Despite an international agreement to reduce emissions from carbon-intensive sources, oil and coal companies continue to pour hundreds of billions of dollars a year into finding new fossil fuel deposits containing enough carbon to more than double global climate pollution emissions.
This is the conclusion of a new report finding that $674 billion was spent globally last year alone on the discovery of new fossil fuel deposits that will likely never be used.
The report, titled "Unburnable Carbon 2013: Wasted Capital and Stranded Assets" and authored by researchers at the Carbon Tracker Initiative, Grantham Foundation and the London School of Economics and Politics, explains the concept of "carbon bubble." The "carbon bubble" that is the result of global fossil fuel reserves that already far exceed the maximum amount we can afford to burn, while still avoiding the most disastrous effects of climate change.

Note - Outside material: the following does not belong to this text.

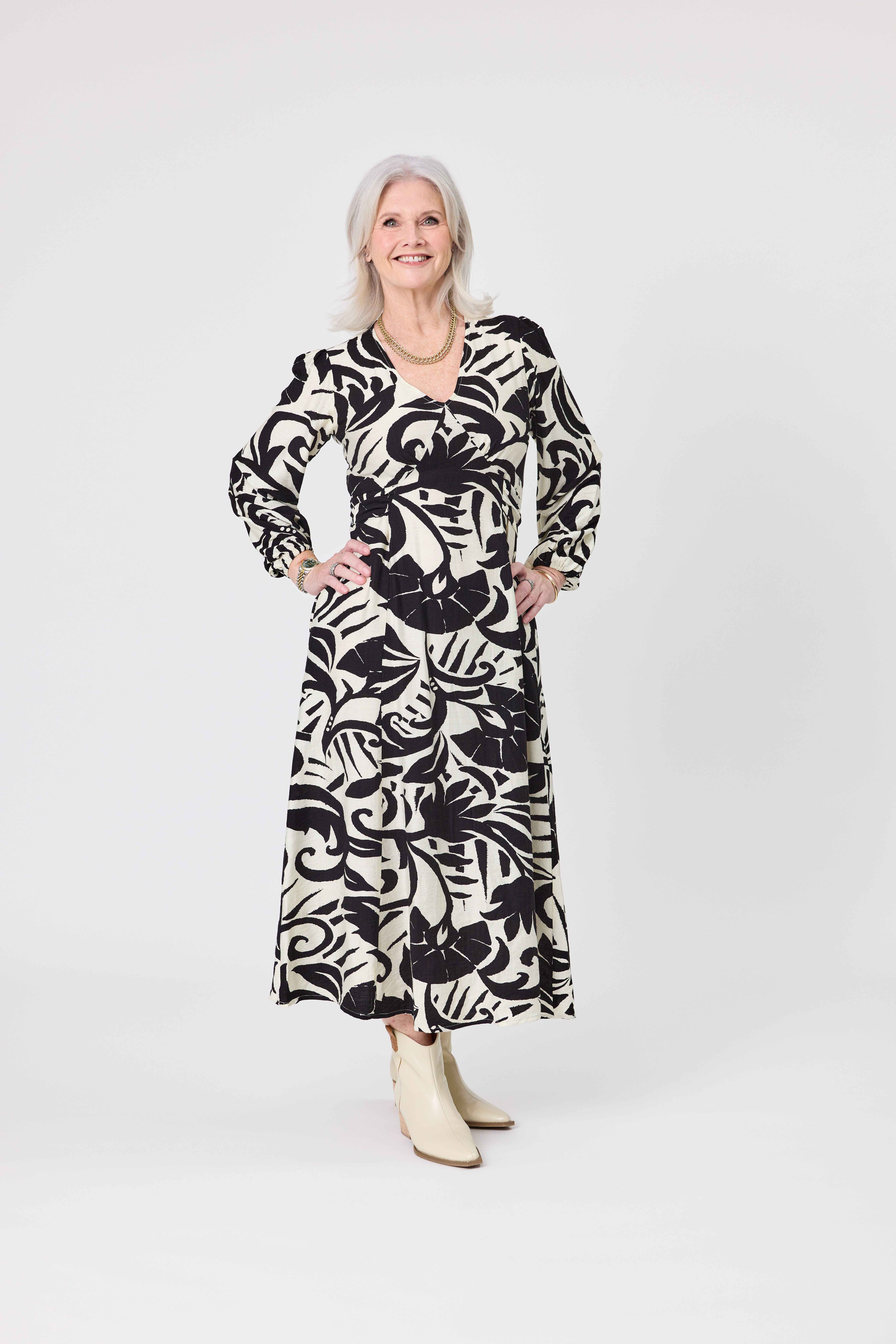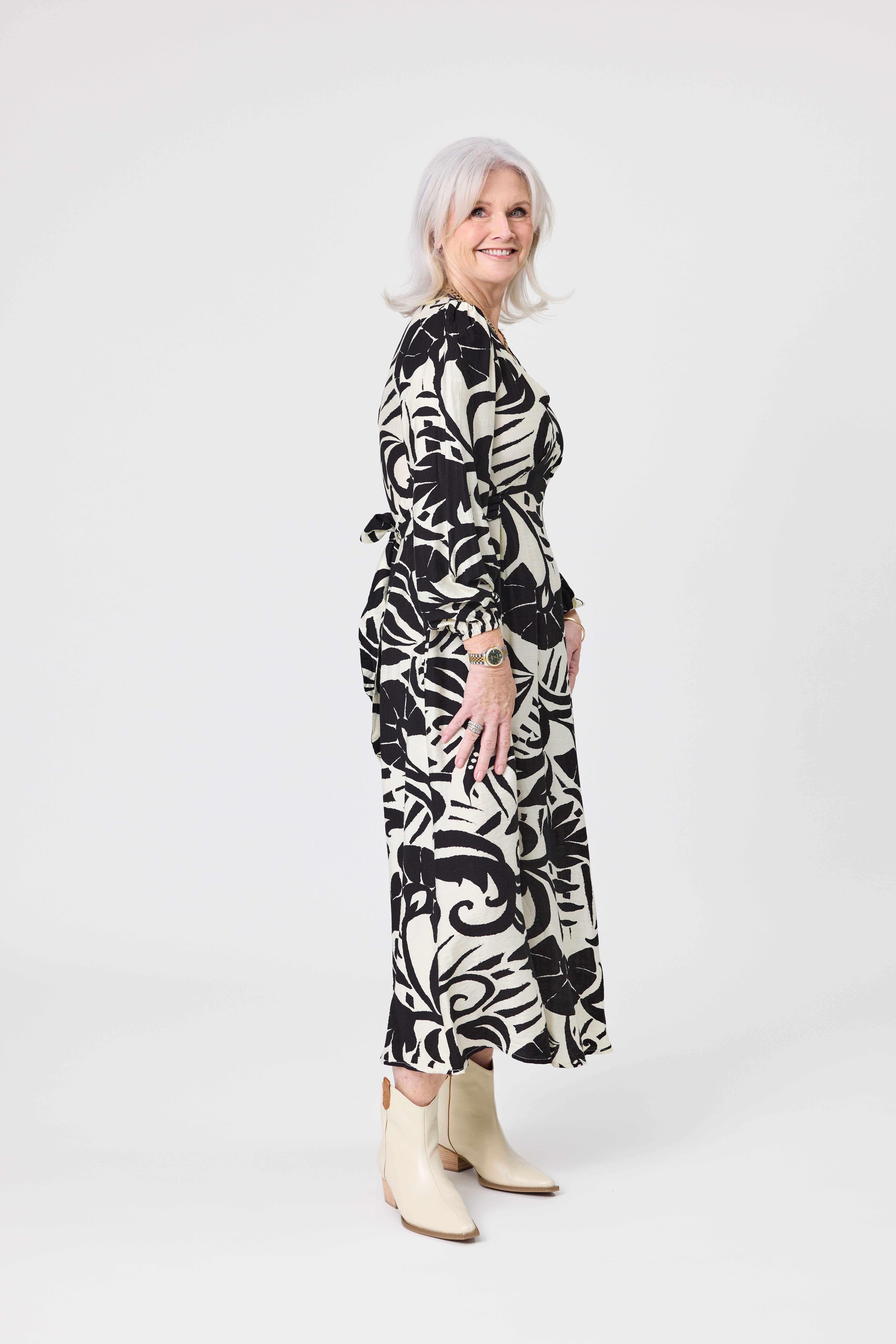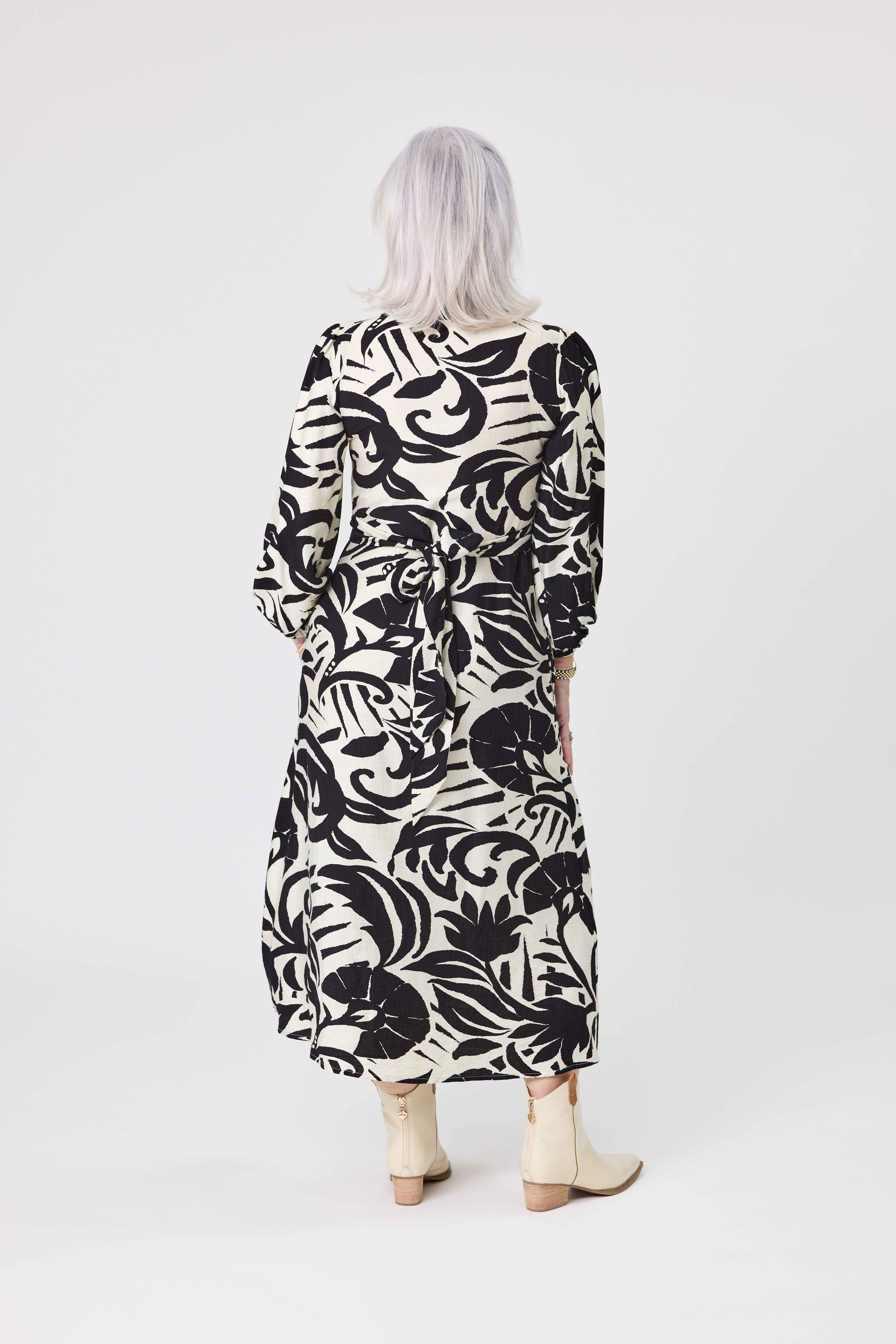 • Flattering V-neckline, and waist ties to play with.

Despite this growing carbon bubble, and the inevitable movement towards a greatly reduced reliance on carbon intensive fuels in the future, energy companies continue to pour billions of dollars into discovering new fossil fuel reserves.
If this all plays out as researchers predict, energy companies will end up with a potential $6 trillion in stranded assets that will never be exploited -- namely, oil and coal reserves that the world will not need.

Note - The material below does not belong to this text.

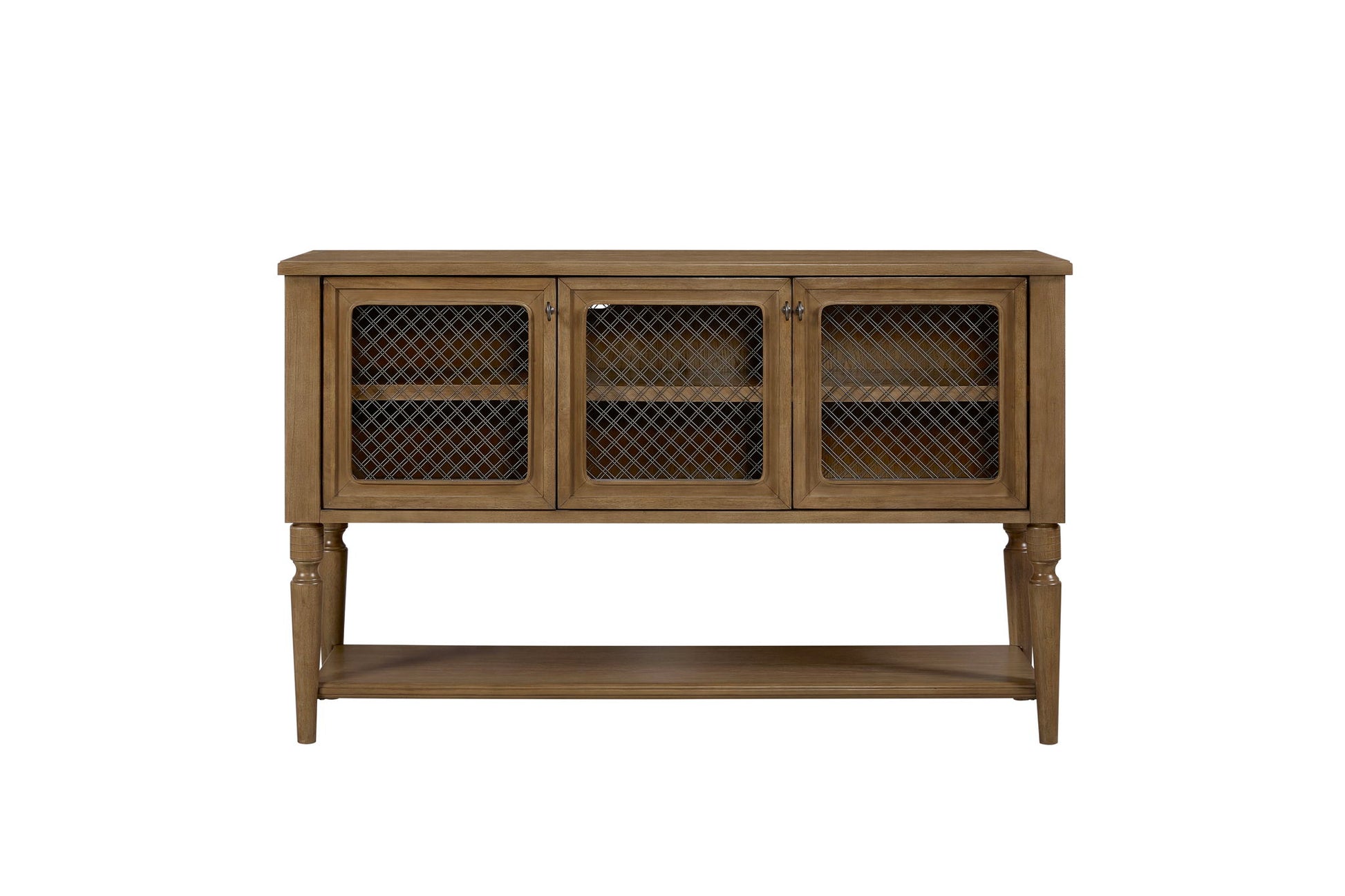 The Tarrington Server with Mesh Door Fronts in finish brings timeless farmhouse character and versatile storage to your dining space. Crafted with durable veneers, this piece features three framed doors accented with decorative mesh fronts, blending rustic charm with a hint of industrial flair. Behind the doors, roomy shelving provides ample space for dishes, glassware, or entertaining essentials, while the open lower shelf adds both storage and display options. The turned legs and warm Almond finish highlight the natural grain of the wood, giving the server a refined yet casual appeal. Perfect for dining rooms or kitchens, it pairs functionality with a stylish, transitional design that fits seamlessly into a variety of interiors.

It's kind of like buying five cars, when you only need one, so four of the cars just sit and rust in a field. But for oil companies these stranded assets aren't a few old rusty Fords, but instead vast tracks of land of significantly diminished value in a world that no longer requires their product to operate.
According to the report:
"The analysis shows that between 60-80 per cent of coal, oil and gas reserves of publicly listed companies could be classified "un-burnable" if the world is to achieve emissions reductions that mean an 80 per cent probability of not exceeding global warming of two degrees Celsius."
This conclusion is based on the most optimistic reduction targets resulting in only two degrees Celsius of warming, but even at three degrees of warming (a totally disastrous scenario), the report concludes that there would still be significant restraints on our use of fossil fuel reserves between now and 2050.
Yet companies in the oil, gas and coal sectors are seeking to develop further resources which could double the level of potential carbon dioxide emissions on the world's stock exchanges to 1,541 billion tonnes.
These companies are investing billions and billions without taking into account even these most conservative reduction projections.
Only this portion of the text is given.